In this category we looked for guys that we thought were finally getting their just due in terms of attention from the national media and/or scholarship offers from higher level programs once the travel season started back in April. Certain guys stood out from a large group of players.
Source Hoops has a long-standing policy of having only one player named when it comes to handing out our awards. However, this time around, try as we might, we simply could not find anything to separate our two main candidates that would put one over the other. For that reason, we are naming two players in the Class of 2018 as our Spring/Summer Breakout Player: Darius Days from the Florida Vipers and Nassir Little from 1Family.
First, Days. He was impressive playing in the Under Armor Association this year as he finished fifth in the league in scoring at 18.6 ppg; second in rebounding at 9.0 rpg; and seventh in overall field goal percentage at 47.3%. Days greatly elevated his game during the last UAA session and the UAA Finals. Over the course of those ten games he upped his scoring average from 14 to 22 points a game and his rebounding numbers from 7.5 to 10 per game. Without Silvio De Sousa available for the UAA Finals, Days led the Vipers to the final four by averaging a double-double with 20.6 points and 12.2 rebounds a game.
Days also gets “bonus points” for stepping away from the UAA and testing himself in the EYBL for a session with Nike South Beach. His numbers were the same for NSB in that session as they were for the Vipers over the course of the first two UAA sessions: 14 points and 7 boards a contest.
Days’ play over the spring and summer greatly elevated his recruiting profile. He now holds offers from Kansas and North Carolina, as well as the likes of Butler, LSU, Georgia Tech, Illinois, and a host of other high-major programs.
Little’s body of work was no less productive or impressive. He put up solid numbers on the Adidas Gauntlet circuit, averaging 17 points and 7 rebounds a game in the first two sessions while shooting 50% from the field overall. During the Gauntlet finals in Spartanburg at the beginning of July, Little average just over eighteen points and nearly nine rebounds a contest. He never failed to score double figures in the twelve contests we have stats for.
Little gets his “bonus points” for his play in Europe as part of an Adidas contingent that went over there in June. With NBA scouts in tow to see the next crop of “Euros”, they got a sense of what Little could do now as well as what he could become in a couple of years. Websites that follow that type of thing made it clear: Little has a real chance to reach the highest level of the sport.
Little’s national ranking has skyrocketed as a result of his play and there is a possibility that he could get a McDonald’s All American Game nod. He holds offers from the likes of Arizona, Duke North Carolina and Kansas while Florida, Florida State, and Miami would all love for him to stay at home.

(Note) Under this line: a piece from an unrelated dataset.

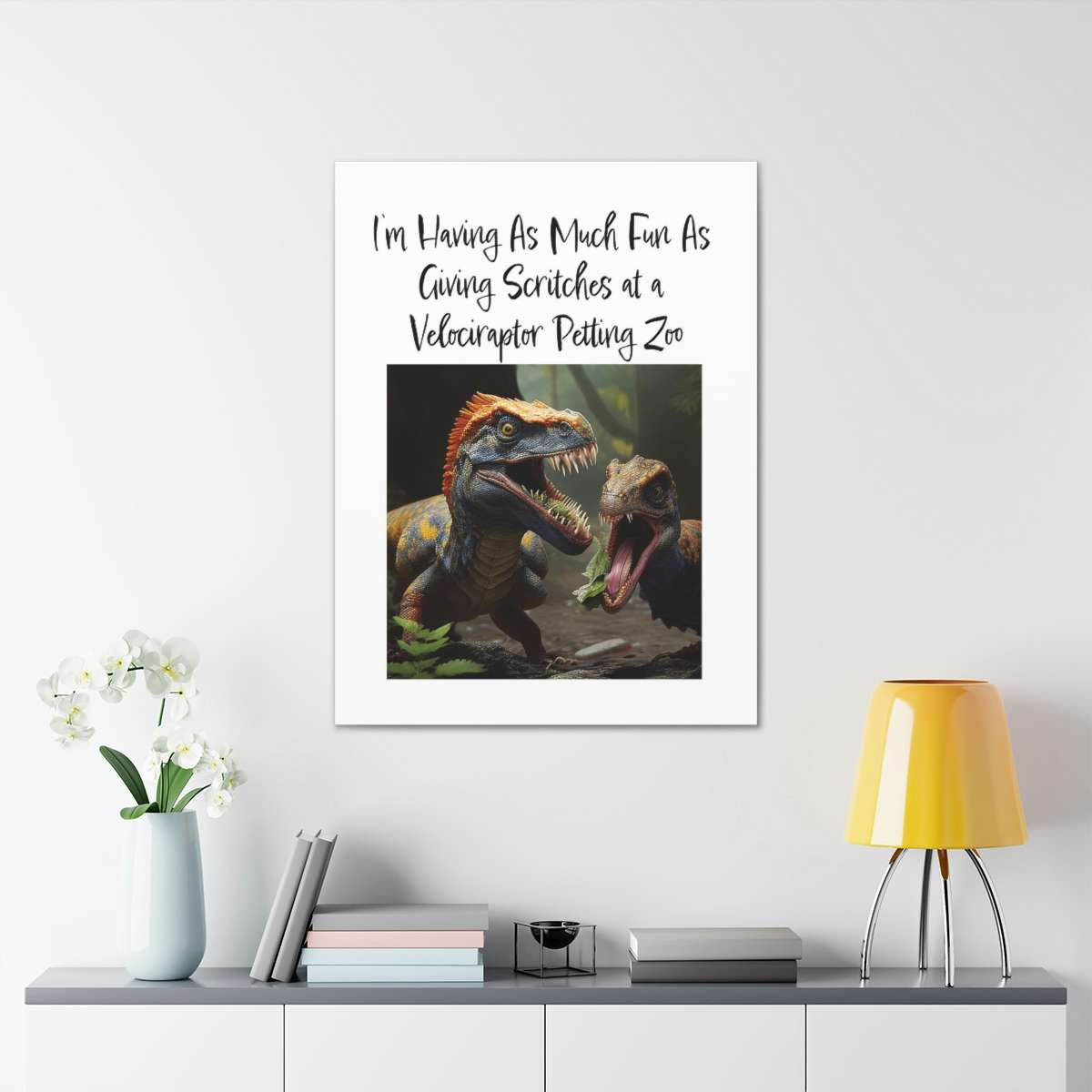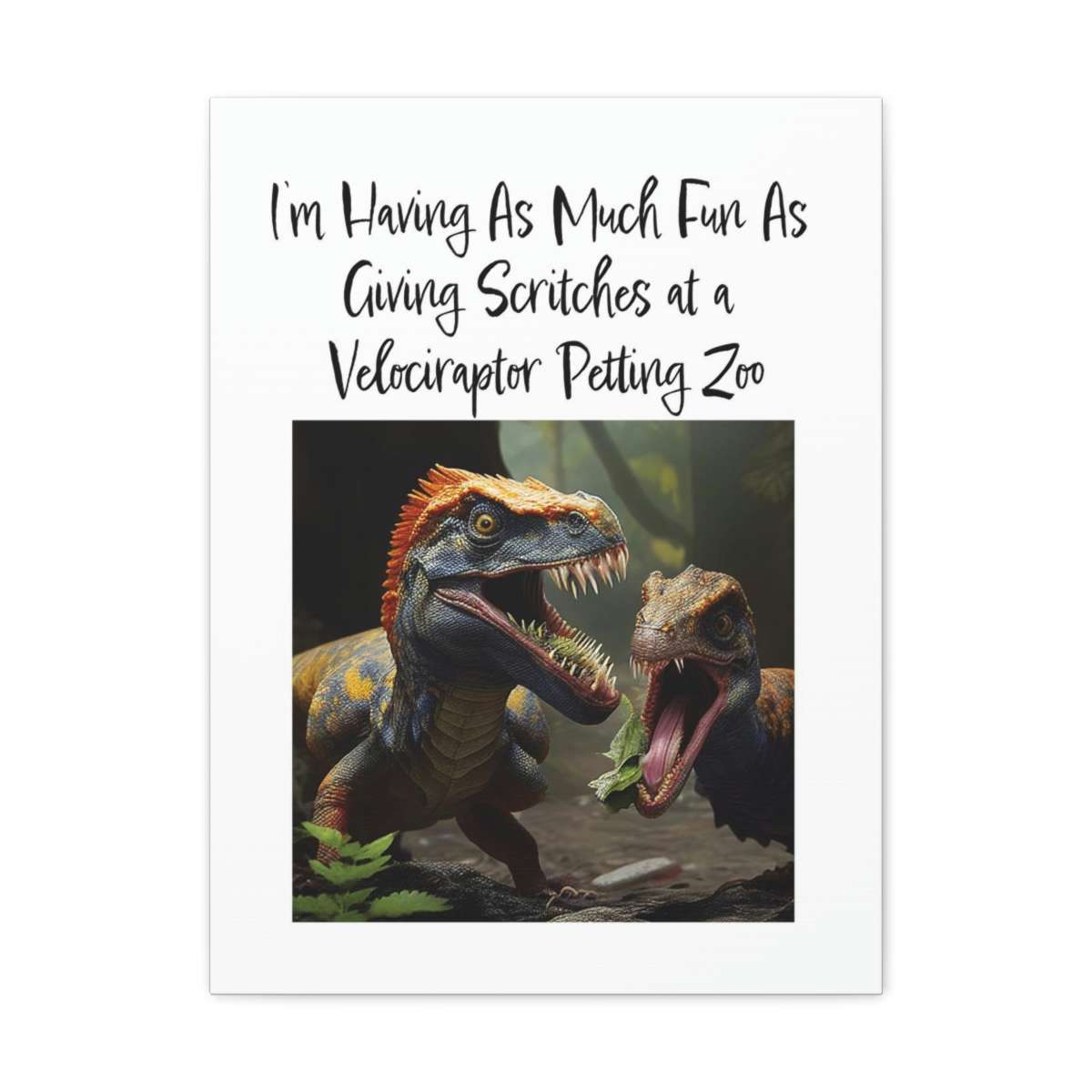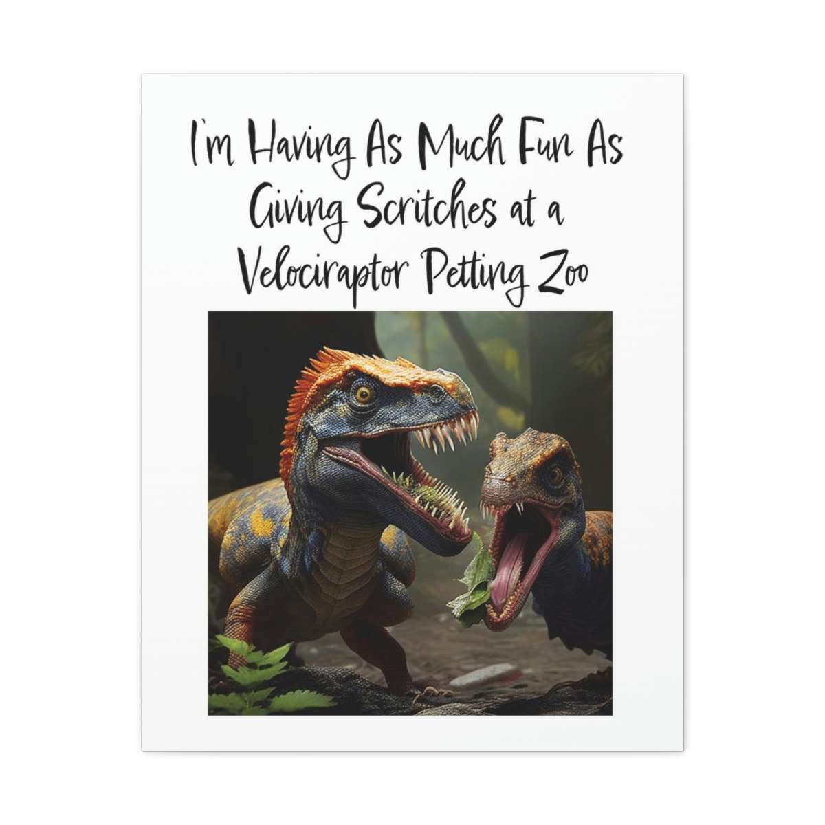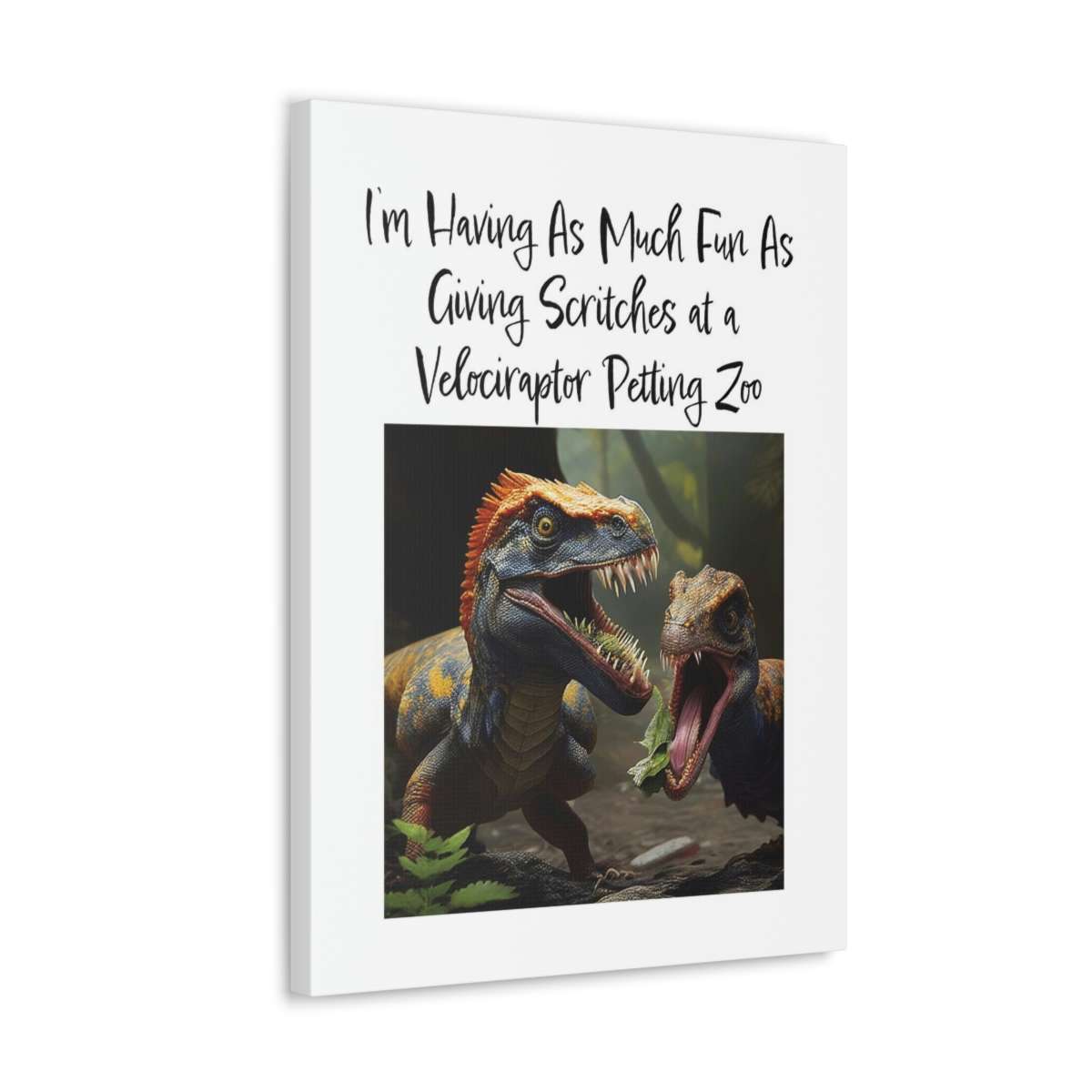 This Velociraptor Petting Zoo funny canvas art print is a wonderful addition to a room in which you’d like to add some humor and color! Our premium Velociraptor Petting Zoo funny canvas art is created from an artist-grade finely textured cotton substrate that shows off this humorous design with its ultimate vibrancy, detail and clarity. Buy this Velociraptor Petting Zoo funny canvas art print gallery wrap now!

The one thing Days and Little have in common? They both have garnered attention and respect for their ability to “play hard” at all times, never taking a play off.
We first caught a glimpse of Ibrahima Diallo of the Florida Sons at our Travel Team Jamboree in April. We took note of the 7’0 sophomore’s height, strong frame, and athleticism. We also noted he was “clay”, waiting to be molded into a work of art. Fast forward to the end of July and it is clear that he is on the wheel.

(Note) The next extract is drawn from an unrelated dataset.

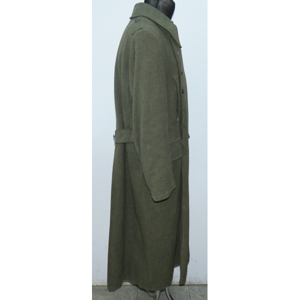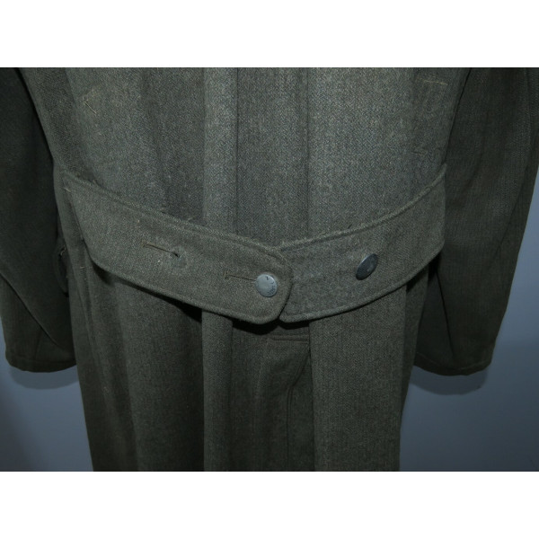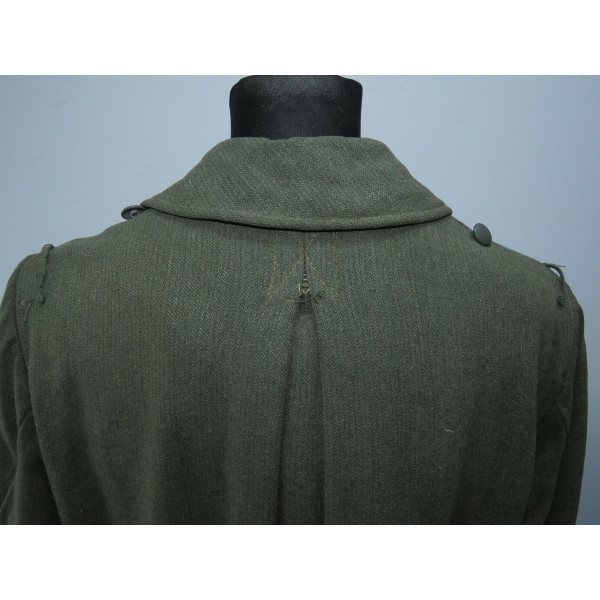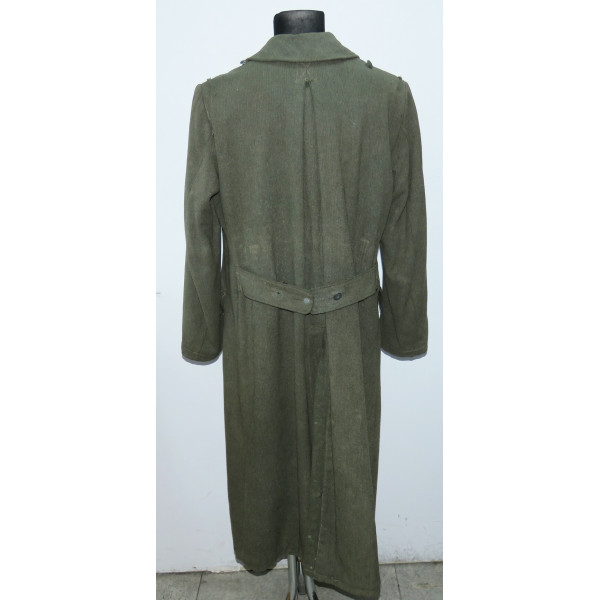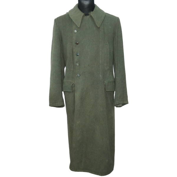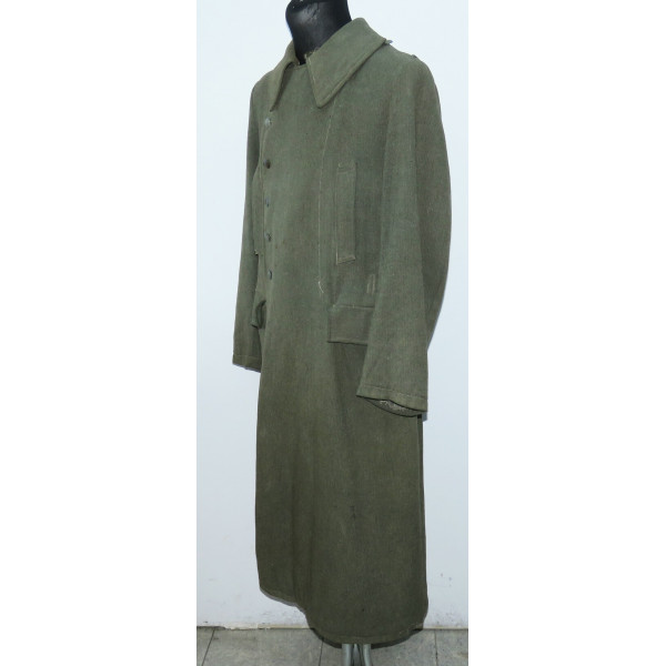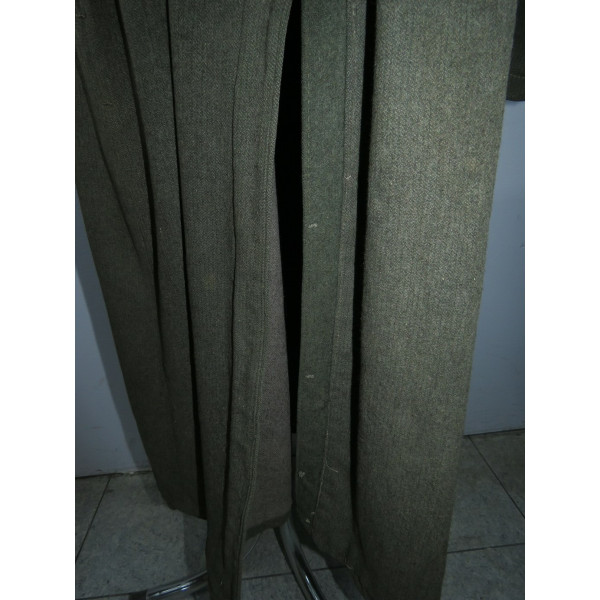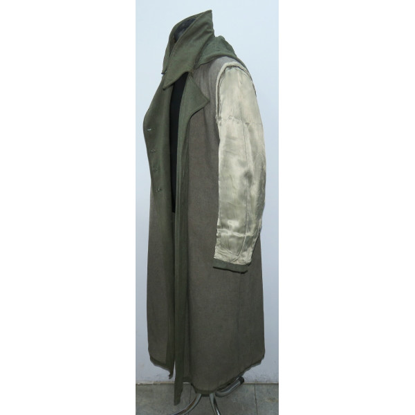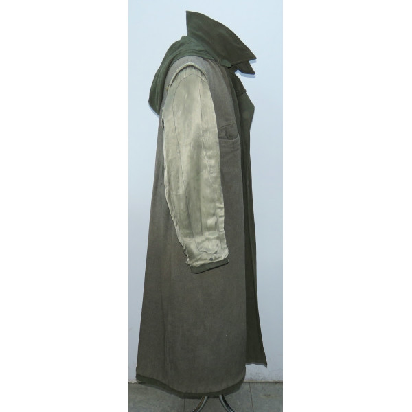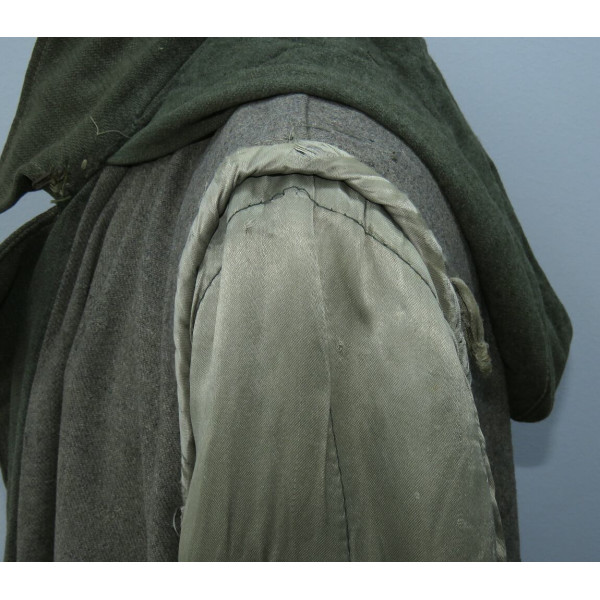 Шинель Waffen-SS выпуска последних месяцев войны, изготовленная из удешевлённого материала с высоким содержанием хлопка и грубым плетением, характерным для этого периода. Модель с капюшоном, сохранившая сильные следы фронтового бытования. На груди заметны следы многократного перешива пуговиц, погонные шлейки пришиты в заводском исполнении.

While he didn’t put up astounding statistics in terms of points and rebounds due to limited minutes and often being in foul trouble, Diallo was one of the better shot blockers around. He averaged just under four blocks a game at the Adidas Gauntlet finals in July. He average “just” 2.5 blocks a game in the first two Adidas Gauntlet sessions, clearly just getting his feet wet.

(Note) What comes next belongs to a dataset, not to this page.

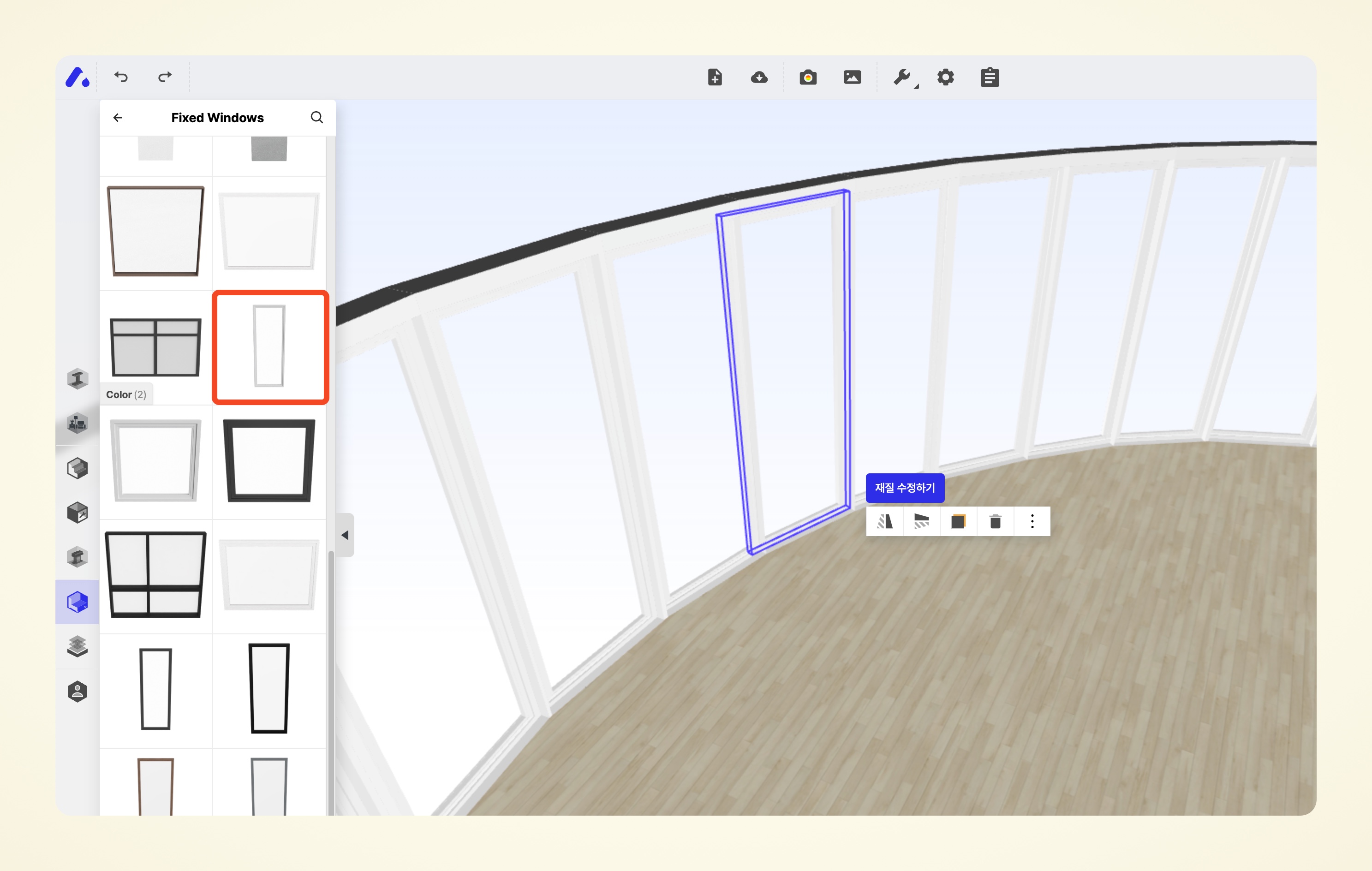벽면을 곡선 형태로 설정하는 것은 어렵지만, [벽 나누기] 기능을 활용하여 벽체를 곡면처럼 구현할 수 있습니다. 벽을 여러 번 나누면 곡면에 가까운 형태로 만들 수 있으며, 고정창 제품의 너비를 조절하여 배치하면 파노라마 창과 같은 효과도 연출 가능합니다.

We got to view Diallo often at the Orlando Hoops Festival and his improvement has been rapid. While still raw when it comes to the offensive end, he has improved and he doesn’t panic when the double-team comes. Diallo has a ways to go at that end of the court but his ability to protect the rim, run the floor, and alter the opponent’s offensive plans are big weapons.
As a starter for Wildwood’s run to the state Class 1A title game in his freshman year, we thought Marcus Niblack could have a nice future. Fast forward five months later and we may have under-sold the 6’0 guard. His play for the Showtime Ballers 15U group was solid and it seemed like as Niblack went, so went Showtime. He earned all-tournament status at the Atlanta Jam in April and played solid throughout the rest of the spring and summer. His court time in July was cut short by a hand injury, but by then he had done enough to elevate his reputation beyond the borders of the Sunshine State.